Kaczynski claimed in all humility that half of what he read in The Technological Society he knew already; he discovered in Ellul a soul mate rather than a teacher. "When I read the book for the
first time, I was delighted," he told a psychiatrist who interviewed him in jail, "because I thought, 'Here is
someone who is saying what I've already been thinking.'"
So,
what are Ellul's ideas on technology?
His most central point was that technology has to be seen systemically, as a
unified entity, rather than as a disconnected series of individual machines. He
also argued that technology is as much a state of mind as a material phenomenon,
in part because human beings have been absorbed into the technological complex
he called "technique."
Ellul
defined technique as "the totality of methods rationally arrived at and
having absolute efficiency (for a given stage of development) in every field of
human activity." While technique isn't limited to machines, machines are “deeply
symptomatic” of technique. They represent "the ideal toward which
technique strives."
These
quotes hint at Ellul's conviction that technique has become almost a living
entity, a form of being that drives inexorably to overtake everything that isn't technique, humans included. The
belief that humans can no longer control the technologies they've unleashed –
that technique has become autonomous – is also central to his thought. "Wherever
a technical factor exists," he said, "it results, almost inevitably,
in mechanization: technique transforms everything it touches into a machine.”
Ellul's
reputation among scholars is mixed. He has his admirers, but many philosophers of
technology consider him a nut. The principle objection is that he reifies technology, imputing to it a life and will of its own. It's true that Ellul's language often gives that impression, but again, his definition of technique includes human beings. Without their assent and participation its vitality would collapse.

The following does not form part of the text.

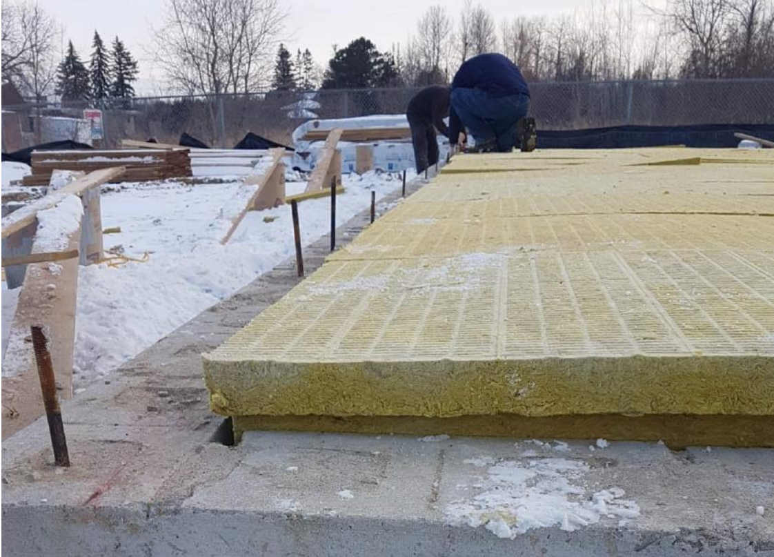
Installation of flooring insulation

Along the way technique's drive toward completion does provide certain comforts, Ellul acknowledged, but overall its devastation of what really matters – the human spirit – is complete. “Technique
demands for its development malleable human ensembles,"
he said. "…The machine tends not only to create a new human environment,
but also to modify man’s very essence. The milieu in which he lives is
no
longer his. He must adapt himself, as though the world were new, to a
universe
for which he was not created."
Ellul's unrestrained literary style also won him no friends in the academy. He had no interest in scholarly convention. His books include few citations of other works and even fewer qualifications – Ellul never doubted his own argument. His writing is filled with colorful description, irony and righteous anger. He's more direct than the stereotypical French intellectual, and thus more fun to read. Nonetheless, his erudition is extraordinary, his insight incomparable.
He
did occasionally go over the top. Perhaps the most embarrassing moment in The Technological Society comes when, in
the process of making the quite reasonable point that technique finds a way to co-opt
any political movement or art form that resists it, he dismisses jazz as
"slave music."
A third reason Ellul
is considered something of an oddball in academic circles is his faith. Throughout his prolific career he divided his time between books on technology
and books on religion. (That he could follow Jesus and still appreciate Marx will perhaps be more surprising in America than it would be in France.) He was a theologian of subtlety and
depth, but one suspects that for many his religious beliefs undermine rather
than enhance his credibility.
Ted
Kaczynski managed to ignore Ellul's religious views altogether. Where Kaczynski
sought with his manifesto to overthrow technology by force, Ellul in The Technological Society explicitly
declines to offer any solution at all. Ellul insisted his intention was only to
diagnose the problem, not prescribe a treatment. He also insisted, however,
that as despairing as his analyses often seemed, he was no pessimist. There's always
room for hope, Ellul said, even if it has to rely on the possibility of miracle.
Kevin Kelly |
Another
person who's found Ellul's thought amenable, though he doesn't seem to
realize it, is the technophilic writer Kevin Kelly. In his recent book, What Technology Wants, Kelly devotes
several pages to the Unabomber Manifesto, calling it, with apologies,
one of the most astute analyses of technology he's ever read. This
is largely because Kelly agrees with Kaczynski that technology is a dynamic,
holistic system – the "technium," he calls it – that behaves autonomously. "It is not mere hardware," Kelly writes;
"rather it is more akin to an organism. It is not inert, nor passive; rather the
technium seeks and grabs resources for its own expansion. It is not merely the
sum of human action, but in fact it transcends human actions and desires."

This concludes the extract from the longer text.